__Data for the task__

========================

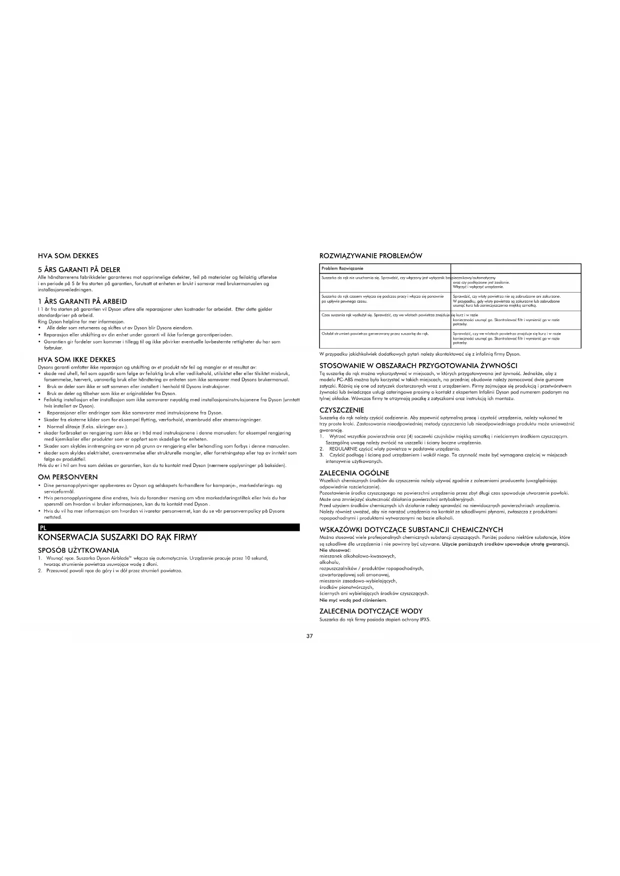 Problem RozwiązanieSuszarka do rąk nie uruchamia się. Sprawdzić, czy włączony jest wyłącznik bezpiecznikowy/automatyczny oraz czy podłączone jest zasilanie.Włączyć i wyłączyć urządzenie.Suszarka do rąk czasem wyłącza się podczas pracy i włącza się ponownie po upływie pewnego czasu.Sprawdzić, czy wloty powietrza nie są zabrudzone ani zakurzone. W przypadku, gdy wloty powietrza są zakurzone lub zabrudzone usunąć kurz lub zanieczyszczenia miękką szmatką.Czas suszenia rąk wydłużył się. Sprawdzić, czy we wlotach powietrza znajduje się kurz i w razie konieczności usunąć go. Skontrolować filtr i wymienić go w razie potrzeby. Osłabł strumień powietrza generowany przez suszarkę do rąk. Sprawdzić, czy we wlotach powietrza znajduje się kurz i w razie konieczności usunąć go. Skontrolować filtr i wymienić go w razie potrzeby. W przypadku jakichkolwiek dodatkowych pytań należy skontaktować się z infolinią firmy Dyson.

========================

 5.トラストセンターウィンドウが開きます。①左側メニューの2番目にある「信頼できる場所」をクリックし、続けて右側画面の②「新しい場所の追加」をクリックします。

========================

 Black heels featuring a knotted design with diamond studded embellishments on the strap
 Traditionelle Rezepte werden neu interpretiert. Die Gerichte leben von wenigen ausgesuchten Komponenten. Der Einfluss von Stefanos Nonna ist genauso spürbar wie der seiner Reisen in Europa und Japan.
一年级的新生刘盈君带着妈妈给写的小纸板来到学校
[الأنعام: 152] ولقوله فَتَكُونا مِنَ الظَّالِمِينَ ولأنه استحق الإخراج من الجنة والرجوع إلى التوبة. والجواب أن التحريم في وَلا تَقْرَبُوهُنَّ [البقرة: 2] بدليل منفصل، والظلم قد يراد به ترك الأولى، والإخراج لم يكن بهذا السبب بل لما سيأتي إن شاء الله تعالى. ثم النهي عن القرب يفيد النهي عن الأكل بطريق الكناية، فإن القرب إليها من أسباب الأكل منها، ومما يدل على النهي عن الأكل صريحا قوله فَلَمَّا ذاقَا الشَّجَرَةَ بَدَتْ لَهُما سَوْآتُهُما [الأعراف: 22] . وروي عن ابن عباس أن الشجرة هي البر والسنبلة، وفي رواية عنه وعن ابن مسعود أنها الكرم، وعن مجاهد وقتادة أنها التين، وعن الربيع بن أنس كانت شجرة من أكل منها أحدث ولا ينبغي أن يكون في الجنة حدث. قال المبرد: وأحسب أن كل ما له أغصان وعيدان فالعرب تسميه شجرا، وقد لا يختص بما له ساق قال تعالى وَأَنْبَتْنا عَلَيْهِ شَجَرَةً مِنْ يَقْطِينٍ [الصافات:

========================

__Try it__
What you return should be exactly the lines above, starting at the one with "Traditionelle Rezepte werden" and ending at the one with "[الأنعام: 152] ولقوله", and nothing else.

__Finished exercise__
 Traditionelle Rezepte werden neu interpretiert. Die Gerichte leben von wenigen ausgesuchten Komponenten. Der Einfluss von Stefanos Nonna ist genauso spürbar wie der seiner Reisen in Europa und Japan.
一年级的新生刘盈君带着妈妈给写的小纸板来到学校
[الأنعام: 152] ولقوله فَتَكُونا مِنَ الظَّالِمِينَ ولأنه استحق الإخراج من الجنة والرجوع إلى التوبة. والجواب أن التحريم في وَلا تَقْرَبُوهُنَّ [البقرة: 2] بدليل منفصل، والظلم قد يراد به ترك الأولى، والإخراج لم يكن بهذا السبب بل لما سيأتي إن شاء الله تعالى. ثم النهي عن القرب يفيد النهي عن الأكل بطريق الكناية، فإن القرب إليها من أسباب الأكل منها، ومما يدل على النهي عن الأكل صريحا قوله فَلَمَّا ذاقَا الشَّجَرَةَ بَدَتْ لَهُما سَوْآتُهُما [الأعراف: 22] . وروي عن ابن عباس أن الشجرة هي البر والسنبلة، وفي رواية عنه وعن ابن مسعود أنها الكرم، وعن مجاهد وقتادة أنها التين، وعن الربيع بن أنس كانت شجرة من أكل منها أحدث ولا ينبغي أن يكون في الجنة حدث. قال المبرد: وأحسب أن كل ما له أغصان وعيدان فالعرب تسميه شجرا، وقد لا يختص بما له ساق قال تعالى وَأَنْبَتْنا عَلَيْهِ شَجَرَةً مِنْ يَقْطِينٍ [الصافات:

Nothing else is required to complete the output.